Game started. Enter 0 as input to end the game

 -- Round 0 -- 
Machine 2 gave a reward of 5.7
Your average reward so far is 5.7

 -- Round 1 -- 
Machine 2 gave a reward of 7.4
Your average reward so far is 6.550000000000001

 -- Round 2 -- 
Machine 2 gave a reward of 2.7
Your average reward so far is 5.266666666666667

 -- Round 3 -- 
Machine 2 gave a reward of 1.8
Your average reward so far is 4.4

 -- Round 4 -- 
Machine 2 gave a reward of 2.7
Your average reward so far is 4.0600000000000005

 -- Round 5 -- 
Game has ended.
Total reward is 20.3 after 5 round(s).
Average reward is 4.0600000000000005.


The Multi-Armed Bandit problem involves the challenge of choosing between multiple slot machines (bandit machines) that provide random rewards, without knowing the true reward distributions. The player's objective is to maximize their total reward over multiple rounds of play by balancing exploration (trying different machines to learn about rewards) and exploitation (choosing the machine that seems best based on current information).

In this example, we observe that early rewards may not accurately represent the true average reward of a machine. Thus, continuous exploration is vital to make informed decisions. The game highlights the importance of data-driven strategies and continuous learning to adapt to uncertainty and stochasticity in the bandit machines.

Ultimately, the Multi-Armed Bandit problem serves as a fundamental challenge in decision-making under uncertainty, with applications in various real-world scenarios, including clinical trials, recommendation systems, online advertising, and resource allocation in machine learning.
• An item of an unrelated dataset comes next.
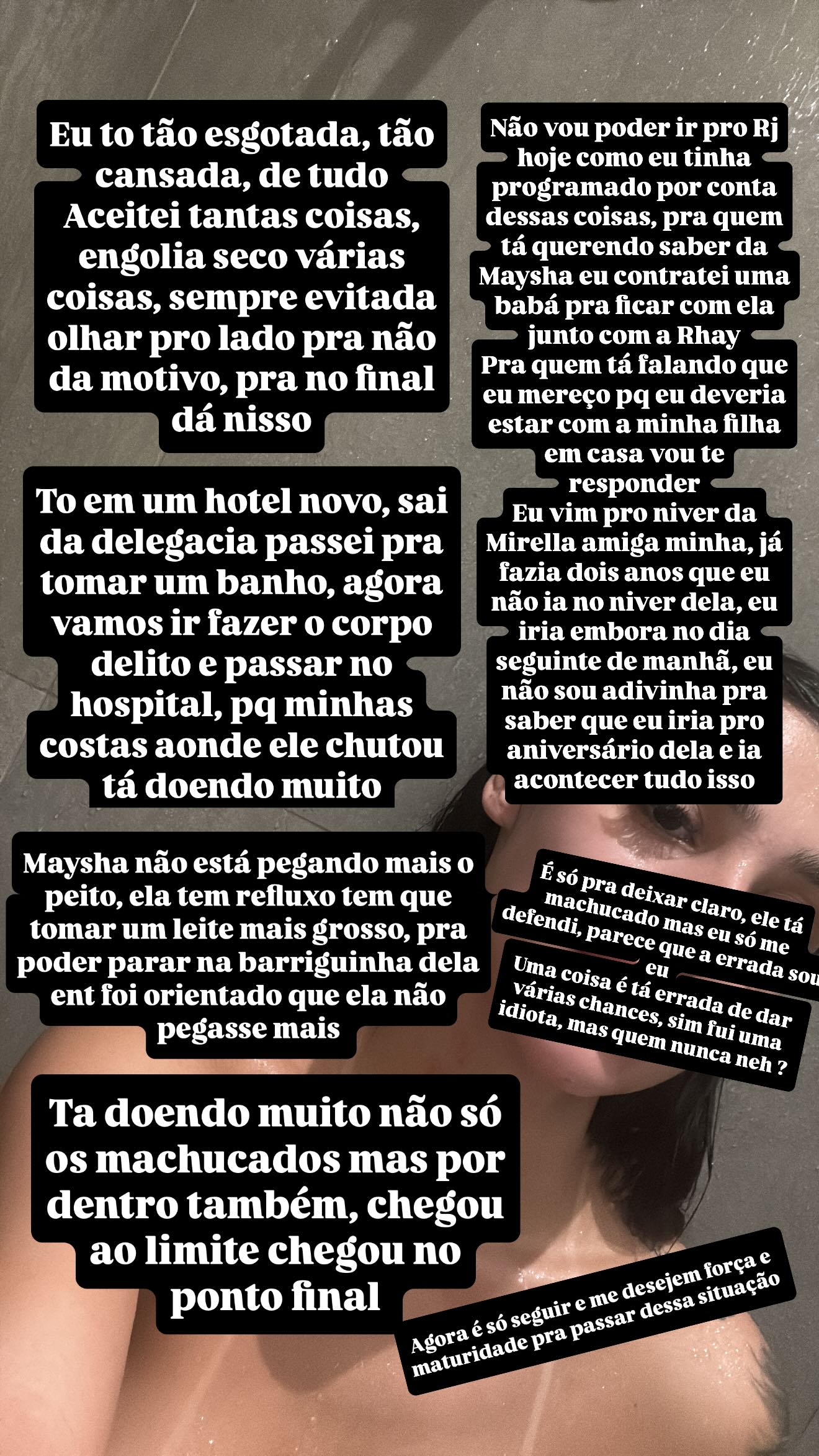 “Eu tô tão esgotada, tão cansada de tudo, aceitei tantas coisas, engolia em seco várias coisas. Sempre evitava olhar pro lado pra não dar motivo, pra no final dar nisso”, desabafou.

Efficiently addressing this problem requires finding the right balance between exploration and exploitation to maximize rewards and resources over time.

**Key Points:**

- `Unknown Reward Distributions:` The player does not have prior knowledge of the true reward distributions associated with each machine. As a result, the player needs to explore the machines to learn their reward characteristics.
- `Stochastic Rewards:` When the player pulls the lever of a machine, they receive a reward sampled from the machine's reward distribution. These rewards are stochastic, meaning they are subject to randomness and can vary from round to round.
- `Exploration vs. Exploitation:` The player faces a trade-off between exploration and exploitation. Exploration involves trying out different machines to gather information about their rewards. Exploitation involves choosing the machine that appears to have the highest reward based on the current knowledge.
- `Balancing Strategies:` Striking the right balance between exploration and exploitation is crucial for optimizing the total reward over time. Early in the game, the player may explore more to gather data on the machines' rewards, and as more information is acquired, the player may shift toward exploiting the best machine more frequently.
- `Continuous Learning:` The player needs to continuously adapt their strategy as they gain more data and update their knowledge about the machines' reward distributions.
- `Convergence to Best Machine:` Over time, with enough exploration and exploitation, the player aims to converge on the machine that provides the highest average reward, maximizing their overall earnings.

The Multi-Armed Bandit problem has applications in various real-world scenarios, such as clinical trials, recommendation systems, online advertising, and resource allocation in machine learning. Efficiently addressing this problem is essential in scenarios where making the best choice from uncertain options can lead to significant gains in rewards, resources, or outcomes.